Review of Volumes
III and IV
from Classic Arms and Militaria,
Vol.6 No.3, pp38-39.
We reviewed the long and eagerly awaited third and fourth
volumes of David Harding's monumental work on East India Company arms
with some considerable enjoyment, and readers who still recall our review
of volumes one and two a little over a year ago will I hope forgive some
reference to these first two parts in this review. For too long East India
Company arms and ammunition have been seen as the poor relations of the
arms issued to Imperial troops. That this was entirely wrong was shown
in detail in the first two volumes, as was the care the Company took in
maintaining the quality of its arms and the fastidiousness with which
patterns were tested and makers selected.
While Volume I concentrated on the procurement and design
of the Company's arms and the lengthy Catalogue of Patterns (superbly
illustrated) comprise volume II, the final parts of the set examine the
performance of those arms and the training of those who used them. This
work offers collectors and black powder shooters a unique reference source
and this reviewer is right, he thinks, in noting that no comparable records
have so far been uncovered for the Crown forces.
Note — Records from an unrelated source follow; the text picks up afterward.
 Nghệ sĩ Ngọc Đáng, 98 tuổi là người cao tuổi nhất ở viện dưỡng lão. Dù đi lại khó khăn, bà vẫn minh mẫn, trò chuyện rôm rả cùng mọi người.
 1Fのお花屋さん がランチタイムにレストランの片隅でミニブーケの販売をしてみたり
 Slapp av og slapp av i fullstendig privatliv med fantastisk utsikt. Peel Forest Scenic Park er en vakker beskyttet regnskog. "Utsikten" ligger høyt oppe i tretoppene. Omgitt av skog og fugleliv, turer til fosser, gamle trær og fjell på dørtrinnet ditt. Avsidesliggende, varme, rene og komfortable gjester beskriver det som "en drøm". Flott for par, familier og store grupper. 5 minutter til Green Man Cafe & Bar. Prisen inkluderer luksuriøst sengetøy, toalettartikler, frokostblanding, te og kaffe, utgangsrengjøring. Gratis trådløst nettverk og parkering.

This study of
the East India Company's arms is quite unique, and more than justifies
its price by the depth and breadth of material contained within it.
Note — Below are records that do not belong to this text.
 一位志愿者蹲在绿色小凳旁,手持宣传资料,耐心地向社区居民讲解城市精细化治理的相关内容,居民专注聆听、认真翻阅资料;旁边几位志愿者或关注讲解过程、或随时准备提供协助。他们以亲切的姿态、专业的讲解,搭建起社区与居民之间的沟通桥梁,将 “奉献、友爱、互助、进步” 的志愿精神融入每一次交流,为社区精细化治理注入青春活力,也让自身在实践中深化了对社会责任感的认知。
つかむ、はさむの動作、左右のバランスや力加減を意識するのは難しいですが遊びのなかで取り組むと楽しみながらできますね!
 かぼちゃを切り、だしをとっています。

Volume III of the set concentrates upon the ammunition used
by the EIC, and its performance in the Company's firearms. No detail of
the EIC records unearthed by the author has been neglected and the chapters
on ball, gunpowder, cartridges, flints, flint and percussion missfire
rates, accuracy of fire and training external ballistics, the Company's
use of the Baker and then Brunswick rifles, show a depth of research
and degree of knowledge that is quite simply outstanding.
High quality acid-free paper has been used in the
book and quality is excellent, indexing is about perfect and quality of
the black & white photographs and line drawings, many of them taken
from the original documents, is first class. Quality costs, but
it is well worth paying for, and anyone with a serious interest in the
military firearms of the 1600 to 1850's will find David Harding's work
of inestimable value. What then, is to be found within these 1,288 superbly
produced pages with their 221 illustrations?
The majority of the text is concerned with the military
smoothbore in its flintlock and percussion guises, but this is simply
because the smoothbore was so much more widely used rather than any ignoring
of the roles played by the Baker and Brunswick - each of which has also
been carefully researched and written up. In addition to the arms themselves,
there is much in the book on their performance and the manufacture of
ammunition for them. It becomes clear from this work that the
military smoothbore was not the ineffective "gas-pipe" it has regularly
been condemned as by writers from the late Victorians onwards. Neither
was it so short ranged as might be thought, or so inaccurate when loaded
with the paper cartridge, as is commonly held. Each component,
ball, powder and cartridge paper was the result of much careful research
and manufactured to the highest standards possible at the time. Considerable
space in Volume III is devoted to the cartridge paper itself and its manufacture,
testing and the difference between the English and Indian produced cartridge
papers.
The Company's manufactories produced items of as high a
quality as those goods produced at home, and in the case of the gunpowder
required, that produced at the powder mills at the Company's mills in
Bombay, Madras and Bengal was to a carefully controlled standard and comparable
to that produced at Waltham Abbey. Waltham Abbey powder was excellent,
but there was always the difficulty of shipping it to India without deterioration
occurring.
Flints receive their fair share of coverage and the practical student will find Volume III particularly useful. The mining and napping of flints has become shrouded in mystery since the days of the "golden age" of gunmaking, and the coverage of flintlocks and their use will open many eyes. There is nothing about the flintlock that today's shooter cannot manage, if only he or she will adjust their thinking. Cartridge manufacture for the round-ball arms is discussed in detail, indeed an entire chapter is devoted to the subject and explores how they were manufactured at the Company's plants. Missfire rates, flintlock and percussion compared, accuracy of fire, the implications of Robins' pioneering ballistics work and the inclusion of an account of the Chatham trials of the musket in 1846, will fascinate the practical minded collector. There's more: velocity, penetration achieved, elevation for different ranges and chapters each on the Baker and two-grooved Brunswick.